__Assignment__. Exactly the lines from the start of the data below through the line that contains "4月22日,在高海拔宇宙線觀測站觀測基地水處理機(jī)房,工作人員在操作水處理相關(guān)程序。新華社記者 金立旺 攝" are to be copied, with pictures left out.

__Task inputs__.
%%

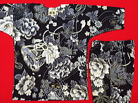 koi-042 金彩牡丹と桜(黒)子供鯉口シャツ上下セット 綿100%
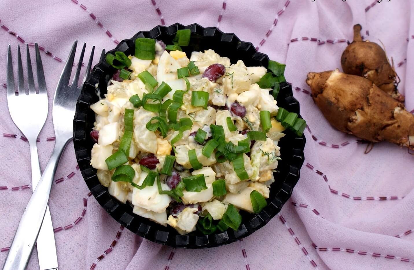 Салат из топинамбура с фасолью, яйцами и огурцами
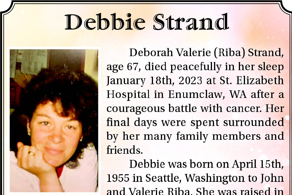 Deborah Valerie (Riba) Strand, age 67, died peacefully in her sleep January 18th, 2023 at St. Elizabeth Hospital in Enumclaw, WA after a courageous battle with cancer. Her final days were spent surrounded by her many family members and friends.
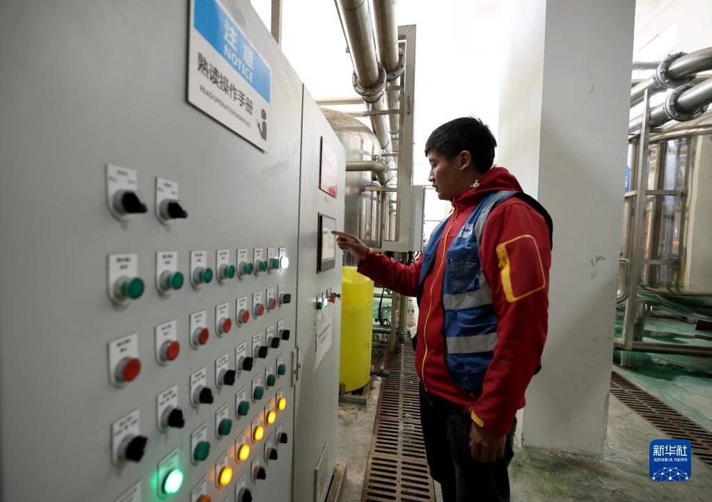 4月22日,在高海拔宇宙線觀測站觀測基地水處理機(jī)房,工作人員在操作水處理相關(guān)程序。新華社記者 金立旺 攝
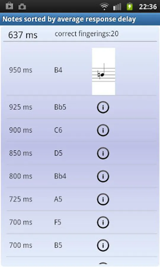 During the fingering training the app analyzes the fingerings and creates corresponding statitics. These statistics are used by the app to focus the learing on wrong or weak memorized fingerings. The gathered statistic data like the "hit ratio" or the "average response delay" for each note is provided in statistic views for further investigations. And of cause can be used to measure the progress in learning with this app.
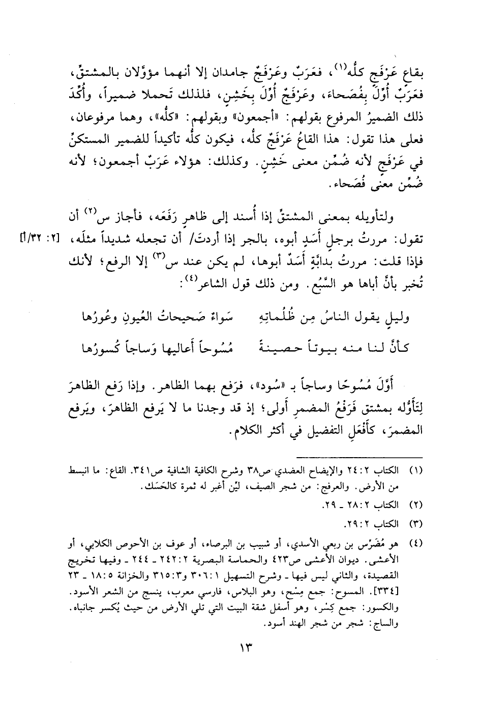 بقاع عرفج كله، فعرب وعرفج جامدان إلا أنهما مؤولان بالمشتق، فعرب أول بفصحاء، وعرفج أول بخشن، فلذلك تحملا ضميرًا، وأكد ذلك الضمير المرفوع بقولهم: "أجمعون" وبقولهم "كله"، وهما مرفوعان، فعلى هذا تقول: هذا القاع عرفج كله، فيكون كله تأكيدًا للضمير المستكن في عرفج لأنه ضمن معنى خشن. وكذلك: هؤلاء عرب أجمعون؛ لأنه ضمن معنى فصحاء.
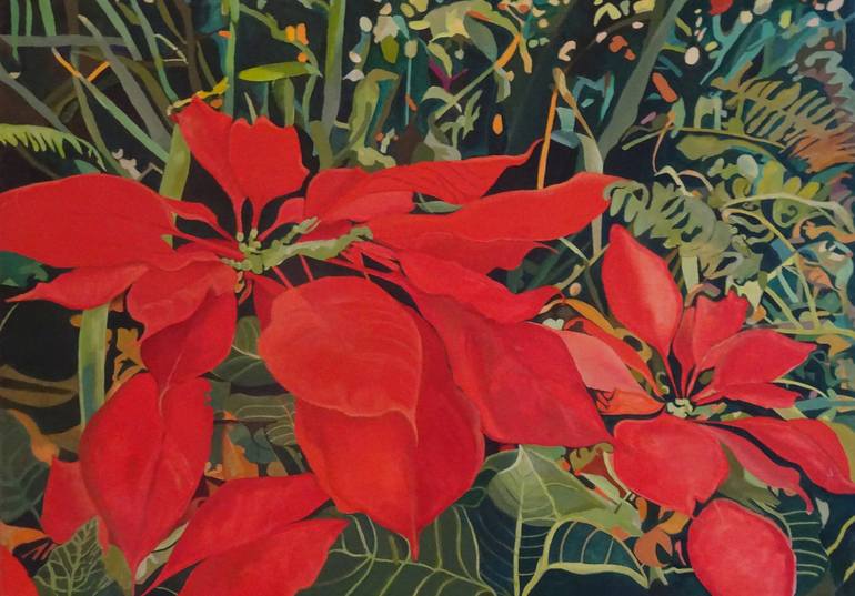 A winter-flowering poinsettia seen from above against a background of ferns and irises
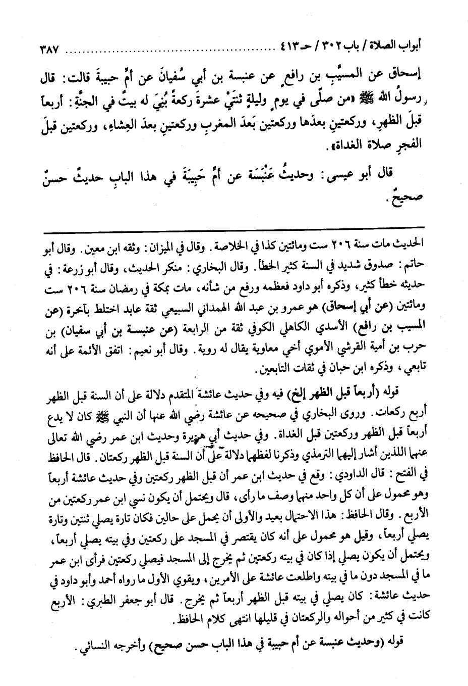 قَوْلُهُ (وَحَدِيثُ عَنْبَسَةَ عَنْ أُمِّ حَبِيبَةَ فِي هَذَا الْبَابِ حَسَنٌ صَحِيحٌ) وَأَخْرَجَهُ النَّسَائِيُّ
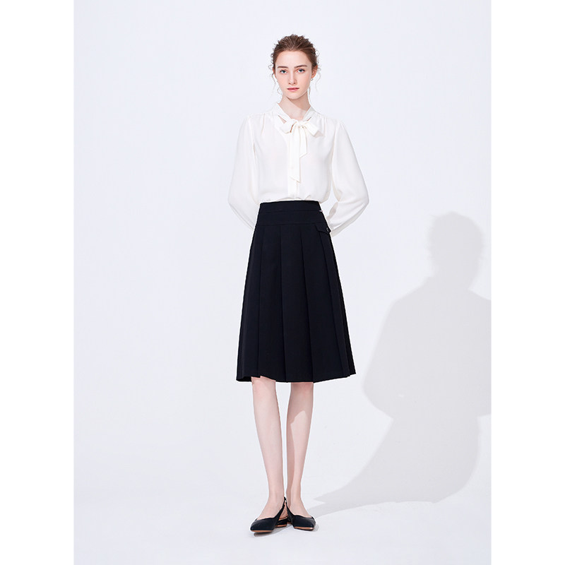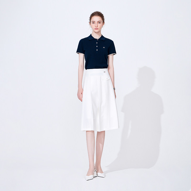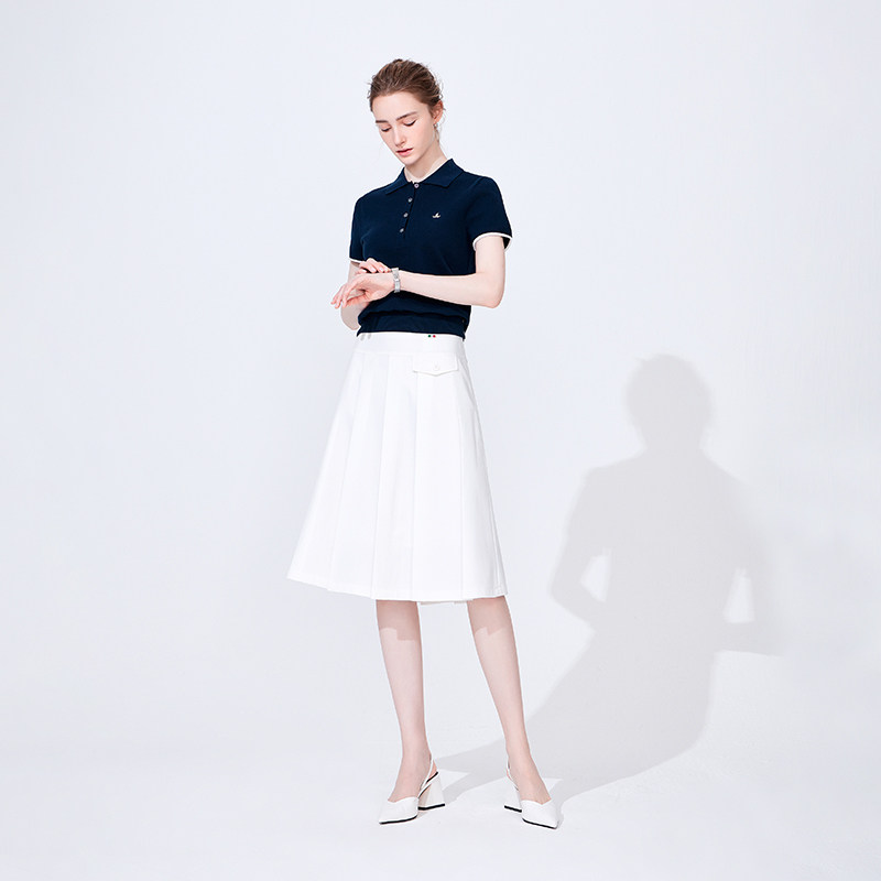 Navigare意大利小帆船白色设计感半身裙女休闲显瘦百褶裙a字裙子
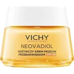 VICHY NEOVADIOL MAGISTRAL SPF 50 – Odżywczy krem łączący Proksylan, ekstrakt z Kasji, Niacynamid (witaminę B3) oraz odżywcze kwasy Omega 3-6-9 z filtrem SPF 50 o szerokim spektrum działania, chroniącym skórę przed szkodliwymi skutkami promieniowania UVA i UVB. Koryguje zmarszczki. Redukuje przebarwienia. Poprawia elastyczność.
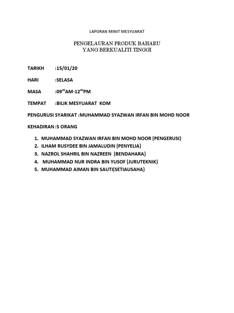 Contoh Laporan Minit Mesyuarat Pdf
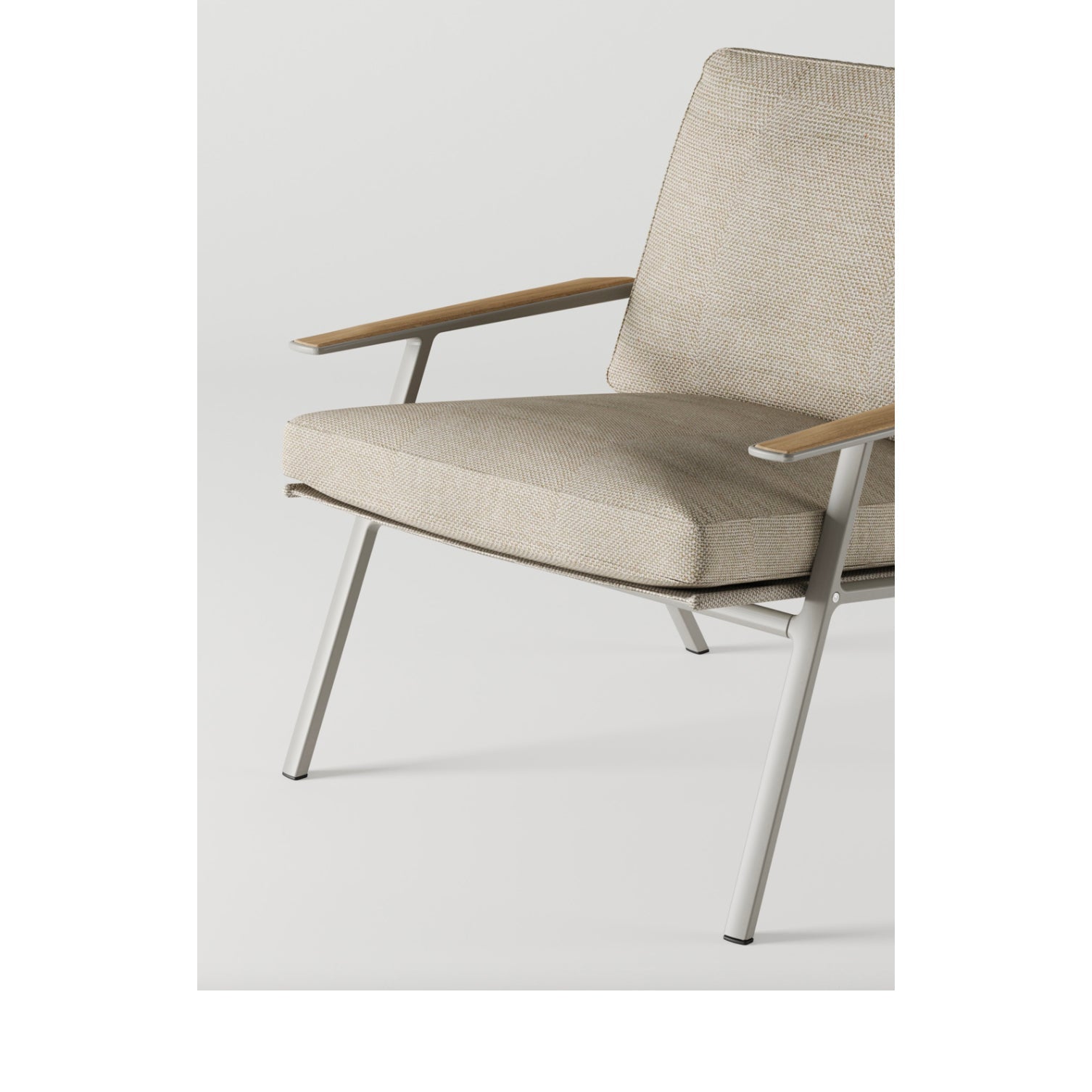 • Natural details: Rounded teak elements on the armrests add warmth and contrast to the sleek frame.
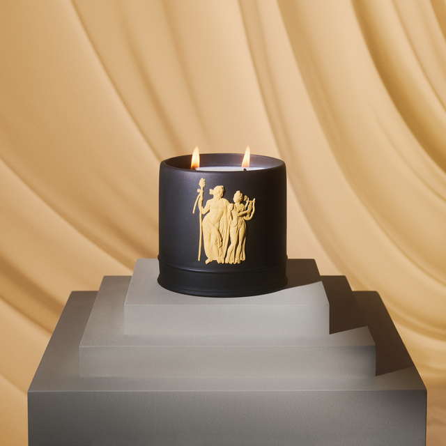 Stimulate your senses with the Ardent Bacchus Scented Candle. This exquisite candle, housed in black and cane Jasperware, features a passionate mix of saffron, rose, jasmine, and sandalwood. A luxurious fragrance that brings warmth and elegance to any room.
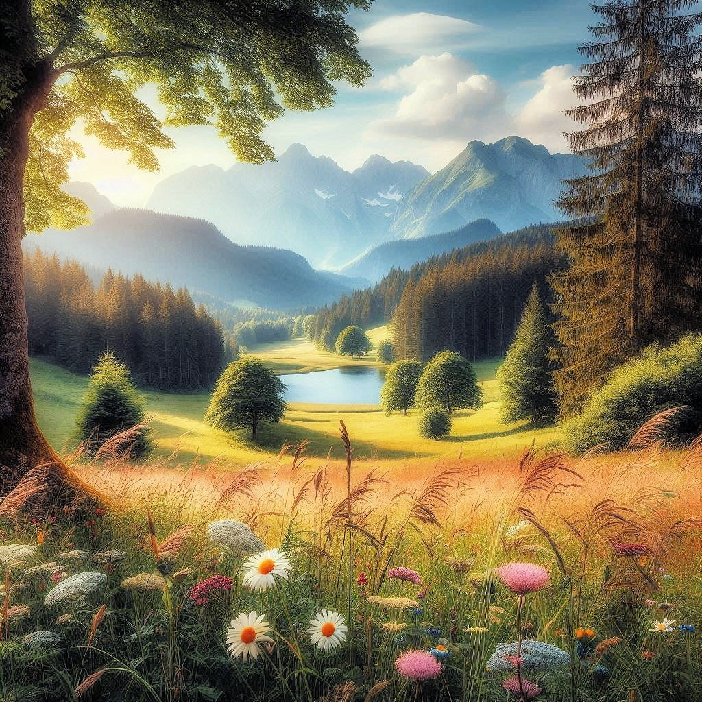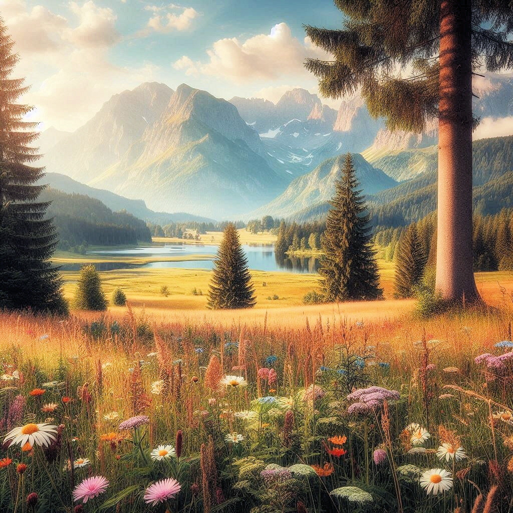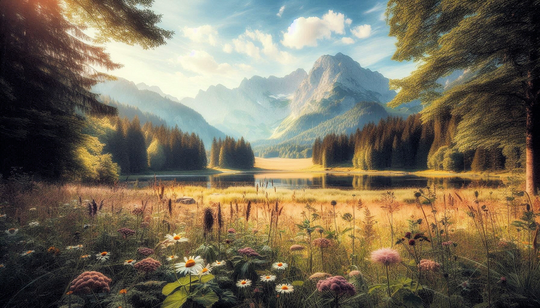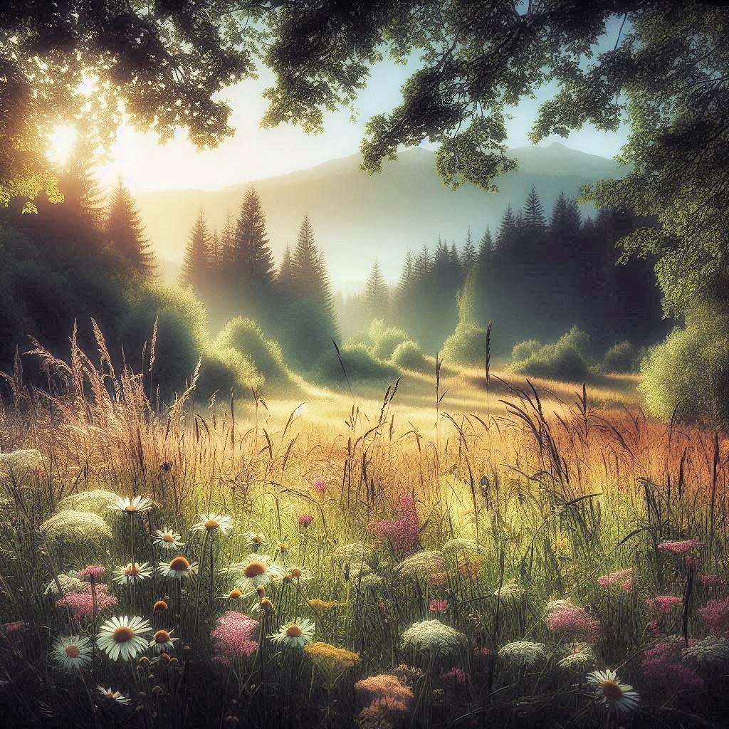 Wiesenblumen in sommerlicher Landschaft

%%

__Answer to this exercise__.
 koi-042 金彩牡丹と桜(黒)子供鯉口シャツ上下セット 綿100%
 Салат из топинамбура с фасолью, яйцами и огурцами
 Deborah Valerie (Riba) Strand, age 67, died peacefully in her sleep January 18th, 2023 at St. Elizabeth Hospital in Enumclaw, WA after a courageous battle with cancer. Her final days were spent surrounded by her many family members and friends.
 4月22日,在高海拔宇宙線觀測站觀測基地水處理機(jī)房,工作人員在操作水處理相關(guān)程序。新華社記者 金立旺 攝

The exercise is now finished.